Jack Small

Personal information
- Full name: John Small
- Date of birth: 29 October 1889
- Place of birth: South Bank, Middlesbrough, England
- Date of death: 9 December 1946 (aged 57)
- Height: 5 ft 10 in (1.78 m)
- Position(s): Half-back

Youth career
- South Bank North End

Senior career*
- Years: Team / Apps / (Gls)
- –: Craghead United
- 1912–1913: Sunderland / 1 / (0)
- 1913–1915: Southampton / 47 / (2)
- 1919–1920: Thornycrofts
- 1920: Mid Rhondda

= Jack Small (footballer) =

English footballer (1889–1946)

Jack Small (29 October 1889 – 9 December 1946) was an English professional footballer who played at wing-half either side of the First World War.

==Football career==
Small was born at South Bank, Middlesbrough and attended St. Peter's School, South Bank. He started his football career with Craghead United, playing in the Chester-le-Street & District League, before joining Sunderland of the Football League First Division in August 1912.

Small spent most of his time at Roker Park in the reserves and his only first-team appearance for Sunderland came in a 3–1 victory at Manchester United on 15 March 1913.

In August 1913, he moved to the south coast to join Southampton of the Southern League. He made his debut for the "Saints" in the opening match of the 1913–14 season, a 1–0 defeat at Brighton. Small soon became a popular player at The Dell who was "admired not only by the crowd but also by his colleagues". He was "the sort of player whose influence on team spirit was always positive (who) relished a challenge and his sturdy half-back play was an inspiration".

He retained his place at right-half for the first twelve matches of the season until, after a run of four defeats, he lost his place to John Denby. Small returned to the side in February replacing George Hadley and kept his place for the rest of the season. Small started the following season at right-half until November when he moved to right-back to replace George Green until Green's return in March. By the end of the season, England was at war and normal football was suspended. Small played in six wartime fixtures, until joining the R.A.M.C. at the end of 1915.

==Later career==
Small spent sixteen months serving with the R.A.M.C. in Salonika before injuries caused him to be invalided back to Southampton, where he suffered a serious bout of malaria.

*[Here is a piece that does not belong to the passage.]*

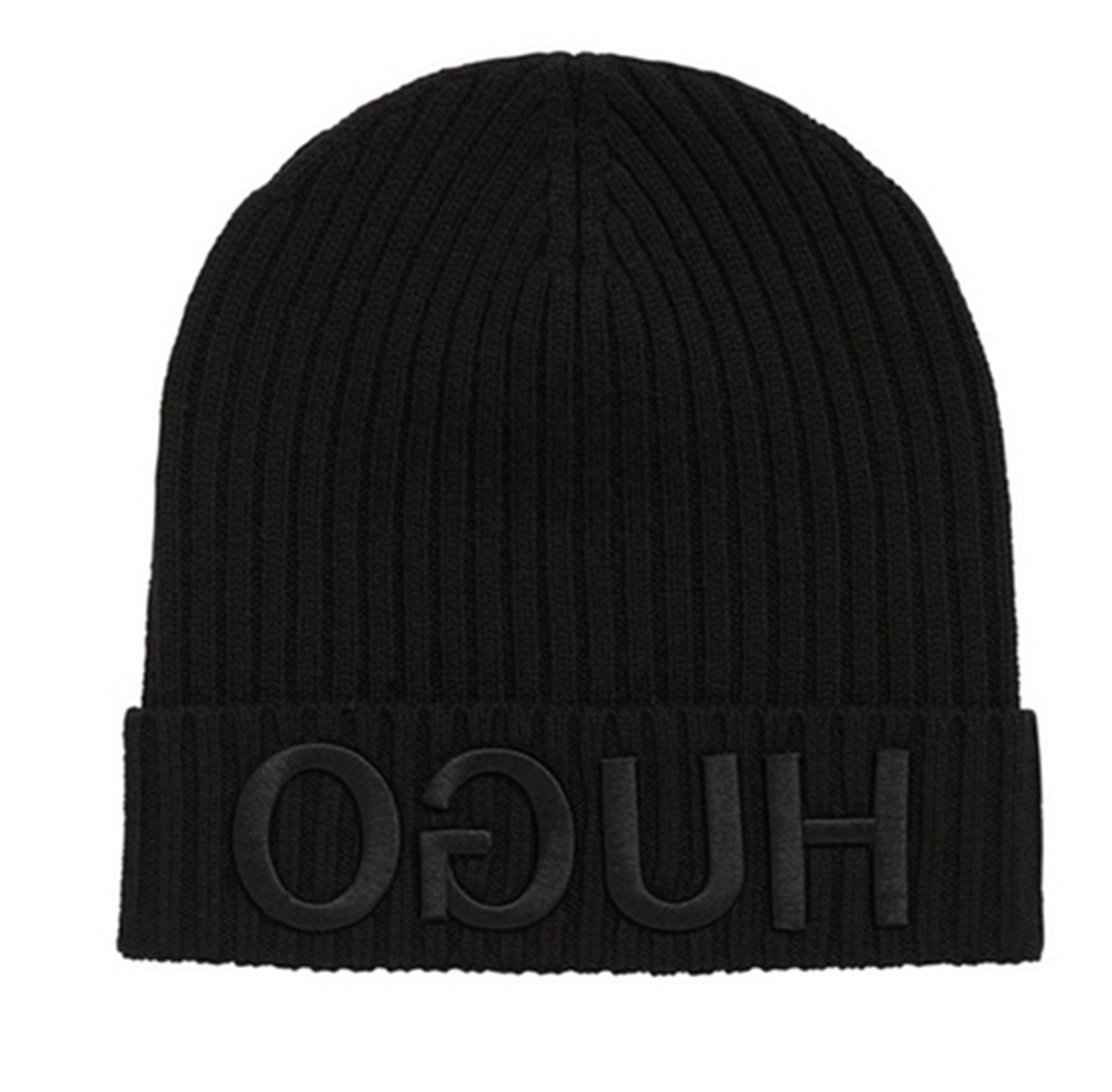 HUGO Strickmütze MEN-X 537 aus Wolle mit Logo-Stickerei Farbe schwarz 001

After the war, he was a member of the Thornycrofts team which took First Division Burnley to a replay in the FA Cup first round, where they were defeated 5–0 after a scoreless draw at The Dell.

He then spent a few months back in the Southern League with Mid Rhondda, before retiring from professional football in December 1920 and taking up employment with Harland & Wolff. He later joined the Merchant navy.